Everyone loves online riddles and thought puzzles, right? They can be fun and engaging, and they help exercise a part of your mind that doesn’t usually get stretched. Some of them are a bit difficult, but they all have solutions that are relatively simple once you hear them. One of the more difficult recent internet puzzles is the riddle of the two burning ropes. The set-up is quite simple. First, you are given two ropes and a lighter. You are told that each rope will burn in exactly 60 minutes if lit from a single end, but they don’t burn at a continuous rate. In other words, when half the rope is burnt, that doesn’t mean that it took 30 minutes to do so. With only the two ropes and a lighter, how could you measure either 45 or 50 minutes?

It may sound convoluted, but the solution is fairly straightforward. If burning one of the ropes from only one end takes 60 minutes, then burning it from both ends would take 30 minutes. The trick to measuring 45 minutes is to light both ends of one rope and a single end of the second rope.
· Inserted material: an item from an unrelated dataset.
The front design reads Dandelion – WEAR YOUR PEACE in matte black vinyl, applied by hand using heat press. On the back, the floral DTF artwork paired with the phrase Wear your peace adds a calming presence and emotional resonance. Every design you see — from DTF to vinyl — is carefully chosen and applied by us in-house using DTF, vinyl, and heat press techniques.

Once the rope with both ends burning has been burnt up, there will have been 30 elapsed minutes. The first rope will still be burning, and since it has burned for 30 minutes, the remainder of its burning time is 30 minutes. Now you simply need to light the second end of the remaining rope on fire, and it will burn twice as fast for the remaining 30 minutes, cutting down the time to 15 minutes. The total elapsed time from lighting the first rope is then 45 minutes.
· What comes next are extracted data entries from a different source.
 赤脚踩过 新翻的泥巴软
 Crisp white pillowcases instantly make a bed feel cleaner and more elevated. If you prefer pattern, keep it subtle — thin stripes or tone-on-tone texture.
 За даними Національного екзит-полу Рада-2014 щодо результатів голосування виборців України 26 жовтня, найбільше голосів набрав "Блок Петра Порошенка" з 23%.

To measure 50 minutes, you take the first method and expand upon it. Burning a rope from both ends cuts the time in half, but adding a third flame cuts the time into thirds, or 20 minutes. So, burn one of the ropes from both ends to reach 30 minutes, then light the second rope at one end and in the middle of the rope. Continuing lighting the center of the remainder of the rope so there are always two flames, and the total burning time for both ropes will be 50 minutes.